IMF delegation concludes Pakistan visit, notes progress in key areas
The seal of the International Monetary Fund (IMF) is seen outside of the headquarters building in Washington, DC on April 8, 2019. (AFP/File)
Updated 21 September 2019

IMF delegation concludes Pakistan visit, notes progress in key areas

IMF delegation concludes Pakistan visit, notes progress in key areas
  • The mission observed "significant improvement in tax revenue collections"
  • Says government's monetary policy is helping to control inflation

ISLAMABAD: Pakistan’s economic program is off to a promising start, but decisive implementation is critical to pave the way for stronger and sustainable growth, said the IMF mission after concluding their visit to Pakistan on Friday.

A full IMF mission will return to Pakistan in late-October to conduct the first review under the $6 billion Extended Fund Facility (EFF), the mission added.

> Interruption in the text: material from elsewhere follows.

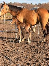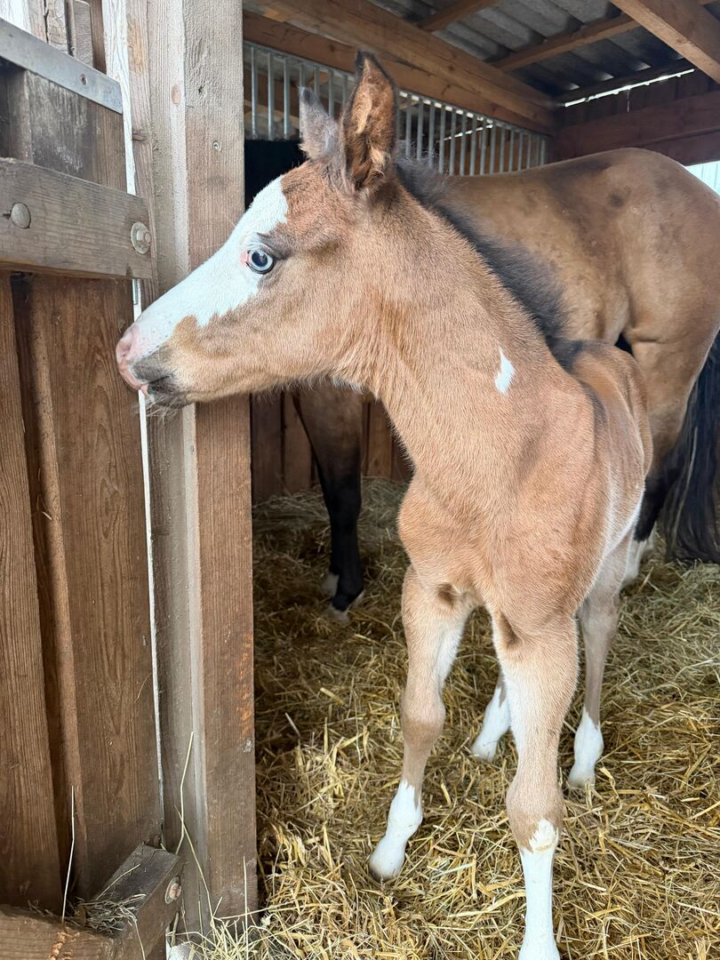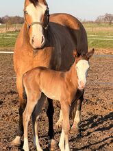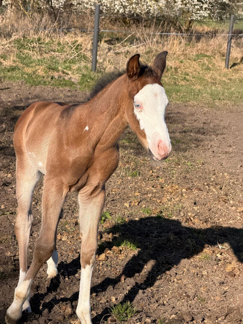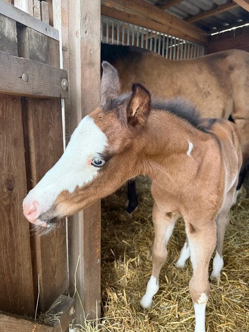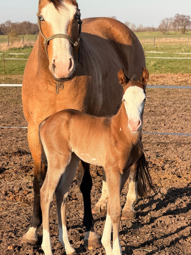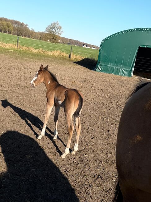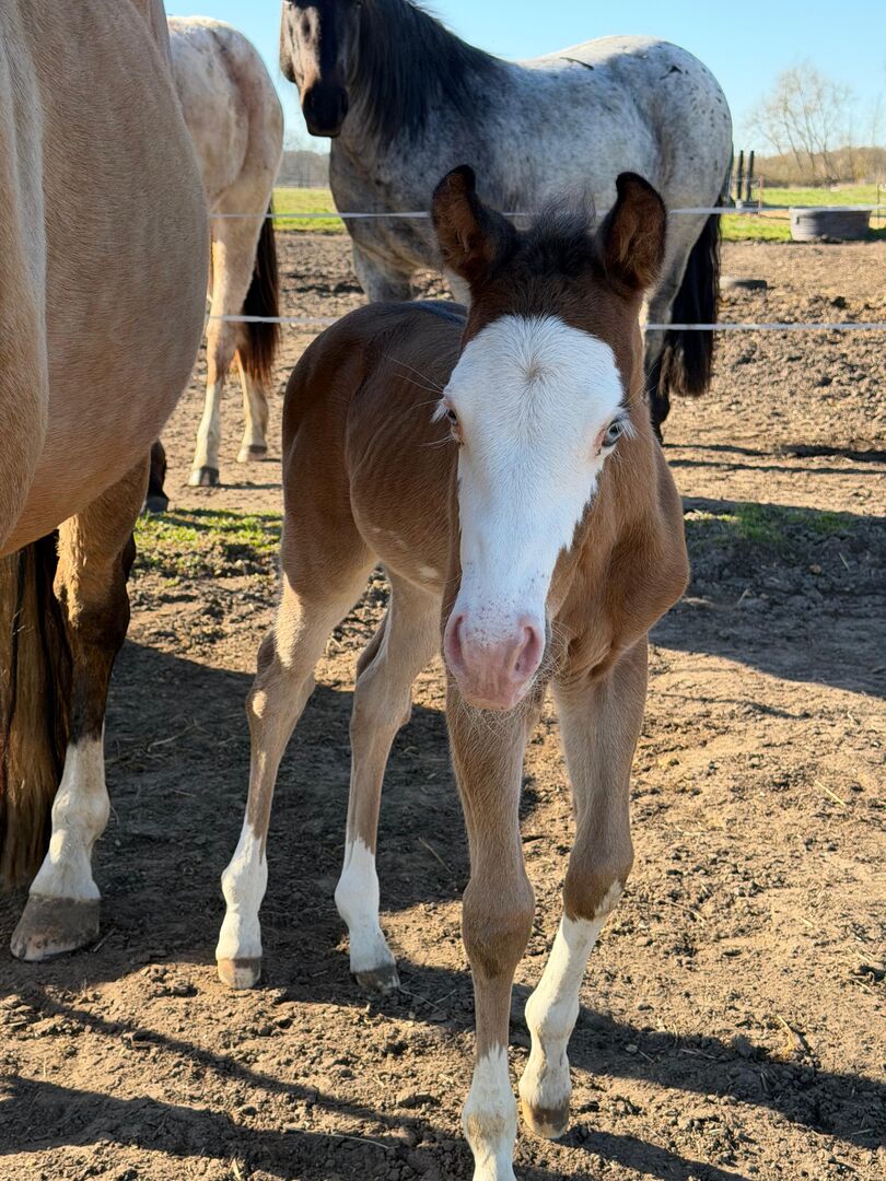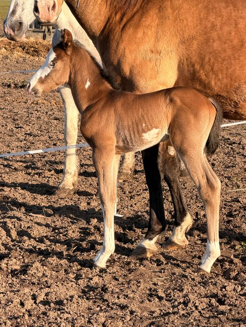Paint Horse veulen met uitzonderlijk charisma en veel potentieel - Plaats: 18182 Mönchhagen Hes A Diamond Chex is een kwaliteitsvolle Paint Horse hengst, geboren op 29.03.2026, in de uitzonderlijke kleur bay dun overo splash (kleurtest in uitvoering). Met een verwachte stokmaat van ca. 153 cm presenteert hij zich als een compacte, correct gebouwde en veelbelovende jonge hengst met goede verhoudingen en veel uitstraling. Dit veulen is niet alleen een absolute blikvanger, maar imponeert ook met zijn natuurlijke aanwezigheid en zijn ontspannen, elastische bewegingskwaliteit. Zijn interessante afstamming maakt hem bijzonder geschikt voor reining en allround rijden, maar hij is ook een opwindend vooruitzicht voor de ambitieuze vrijetijds- of wedstrijdruiter. Zijn karakter is uitzonderlijk mensgericht, vriendelijk en ongecompliceerd. Hij is nieuwsgierig, slim en tegelijkertijd kalm in nieuwe situaties. Typisch voor een veulen heeft hij een vrolijk, licht brutaal karakter, maar hij blijft altijd koel en heeft sterke zenuwen. Hij is al vertrouwd met omgevingsprikkels zoals landbouwmachines, auto's en alledaagse geluiden en accepteert ze volkomen ontspannen. Hes A Diamond Chex groeit op in een kudde met andere veulens en wordt grootgebracht volgens hoge normen. Hij krijgt leeftijdsgeschikt opfokvoer, wordt regelmatig ontwormd en heeft geen gezondheidsproblemen. De huidige 5-panels test is n/n. Hij wordt dagelijks consequent maar liefdevol behandeld. Hij kent de dierenarts en de hoefsmid al en begint te wennen aan het halster. Het veulen-ABC wordt voortdurend geconsolideerd. Hij weet ook hoe hij geladen moet worden en rijdt zonder problemen in een trailer. Zijn eerste uitstapjes in de natuur maken ook deel uit van zijn ontwikkeling. Dit Paint Horse veulen heeft de beste voorwaarden voor een toekomst in zowel de sport als in de hogere recreatiesector. Zijn karakter, sterke zenuwen en natuurlijke coolness maken hem interessant voor ambitieuze wedstrijdruiters en voor eigenaren van recreatie- en familiepaarden.

An IMF mission, led by Ernesto Ramirez Rigo, visited Islamabad and Karachi during September 16–20, 2019 to take stock of economic progress and discuss progress in the implementation of economic policies. 

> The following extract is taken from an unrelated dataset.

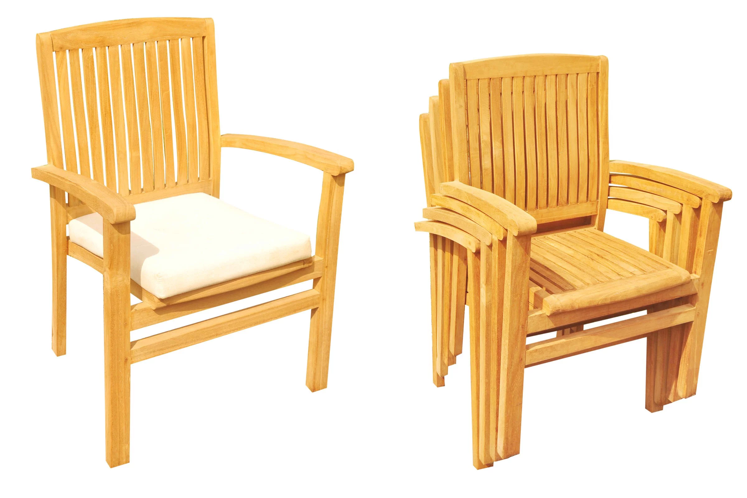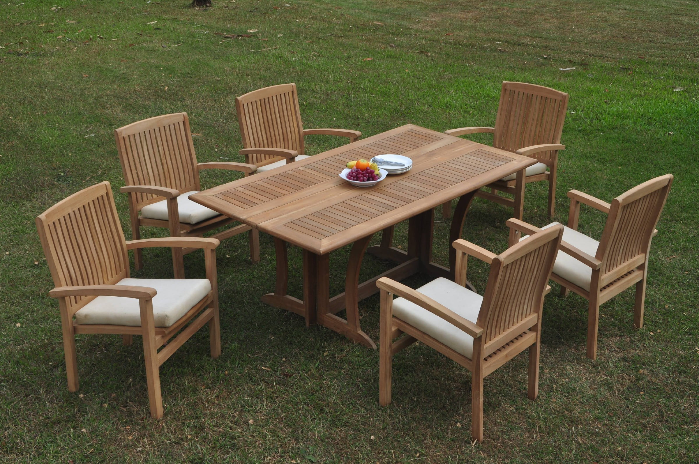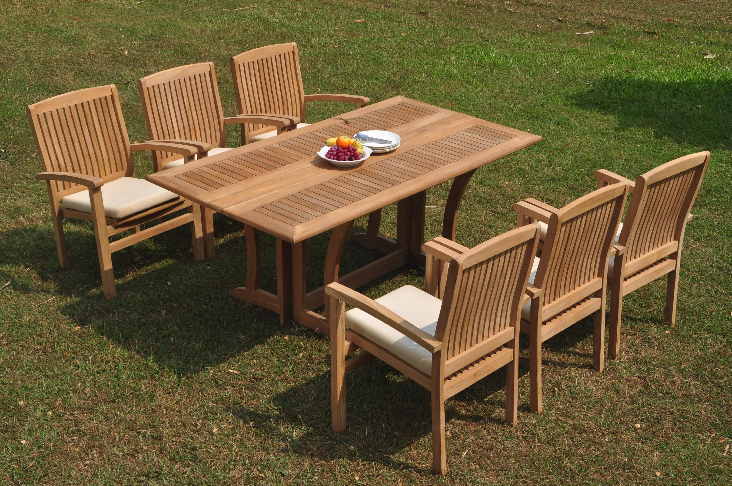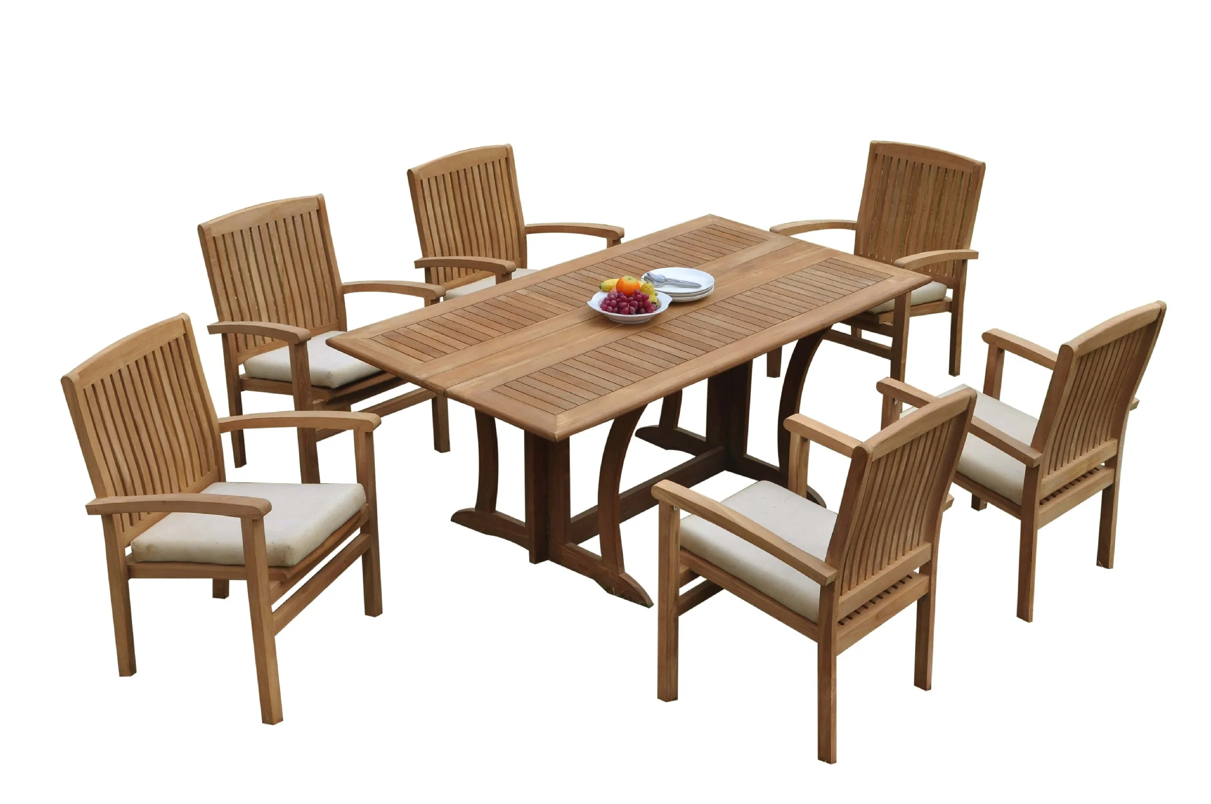 Grade-A Teak Dining Set: 6 Seater 7 Pc: Warwick Console Folding Rectangle Table And 6 Wave Stacking Arm Chairs Outdoor Patio WholesaleTeak #51WV1507

“While the authorities’ economic reform program is still in its early stages, there has been progress in some key areas," a statement issued by the mission read.

The IMF delegation acknowledged that "the transition to a market-determined exchange rate has started to deliver positive results on the external balance, exchange rate volatility has diminished, monetary policy is helping to control inflation, and the SBP (State Bank of Pakistan) has improved its foreign exchange buffers."

“There has been a significant improvement in tax revenue collections, with taxes showing double-digit growth net of exporters refunds," the statement read. 

The visiting delegation of the Fund also noted that "FBR is undertaking significant steps to improve tax administration and its interface with taxpayers" and said that "Importantly, the social spending measures in the program have been implemented."

“The near-term macroeconomic outlook is broadly unchanged from the time of the program approval, with growth projected at 2.4 percent in FY2019/20, inflation expected to decline in the coming months, and the current account adjusting more rapidly than anticipated. However, domestic and international risks remain, and structural economic challenges persist. In this context, the authorities need to press ahead with their reform agenda," the IMF delegation noted.